_HOW TO COMPLETE THIS TASK_
Reproduce word for word every line from the one containing "Чай Ahmad Tea Raspberry&Pomegranate, Зелен" to the final line of the data below; omit the pictures.

BEGIN RAW DATA

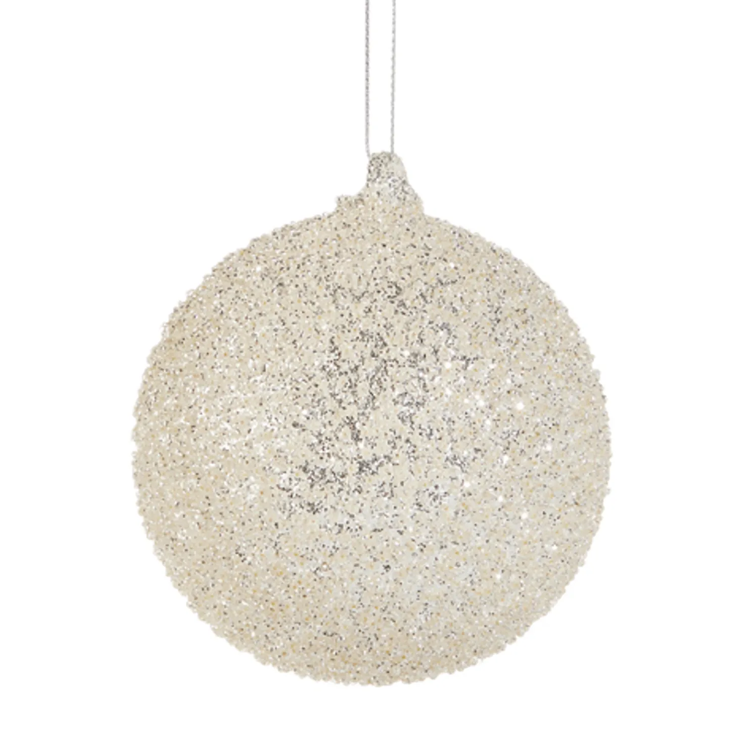 We love a good sparkly moment! Adorn your tree with this adorable silver glittered glass ball ornament!Made by Raz Imports.Made of glass.Dimensions: 4″.
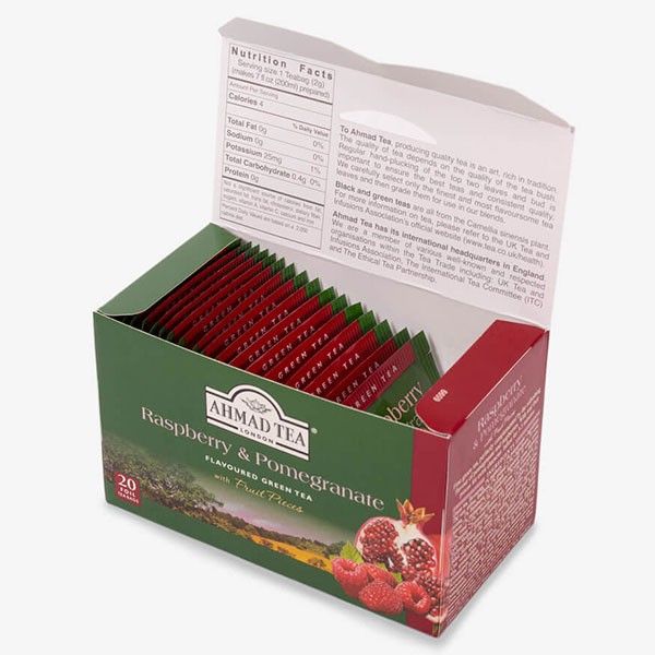 Чай Ahmad Tea Raspberry&Pomegranate, Зелен с Малина и Нар 20 бр.
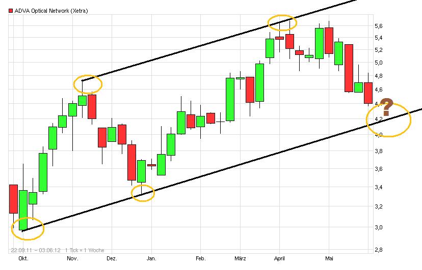 Trendlinienbruch und Doppelhoch sind derzeit die kräftigsten Argumente der Bären, mit denen nun auch die Adva Aktie nach einer langen Zeit relativer Stärke mit entsprechenden Verkaufssignalen daherkommt. Bestätigt wurden diese zuletzt durch den klassischen Pullback an das Ausbruchsniveau bei 4,87 – 4,74 Euro. In diesem nun zum Widerstand gewordenen Bereich prallten die Kurse letzte Woche nach unten hin ab und sollten nun ihre Abwärtsbewegung in Richtung 4,23 Euro oder gar 3,65 Euro weiter fortsetzen. Erst ein schneller Kursanstieg über 5,05 Euro könnte dies verhindern.

END RAW DATA

_SOLUTION BELOW_
 Чай Ahmad Tea Raspberry&Pomegranate, Зелен с Малина и Нар 20 бр.
 Trendlinienbruch und Doppelhoch sind derzeit die kräftigsten Argumente der Bären, mit denen nun auch die Adva Aktie nach einer langen Zeit relativer Stärke mit entsprechenden Verkaufssignalen daherkommt. Bestätigt wurden diese zuletzt durch den klassischen Pullback an das Ausbruchsniveau bei 4,87 – 4,74 Euro. In diesem nun zum Widerstand gewordenen Bereich prallten die Kurse letzte Woche nach unten hin ab und sollten nun ihre Abwärtsbewegung in Richtung 4,23 Euro oder gar 3,65 Euro weiter fortsetzen. Erst ein schneller Kursanstieg über 5,05 Euro könnte dies verhindern.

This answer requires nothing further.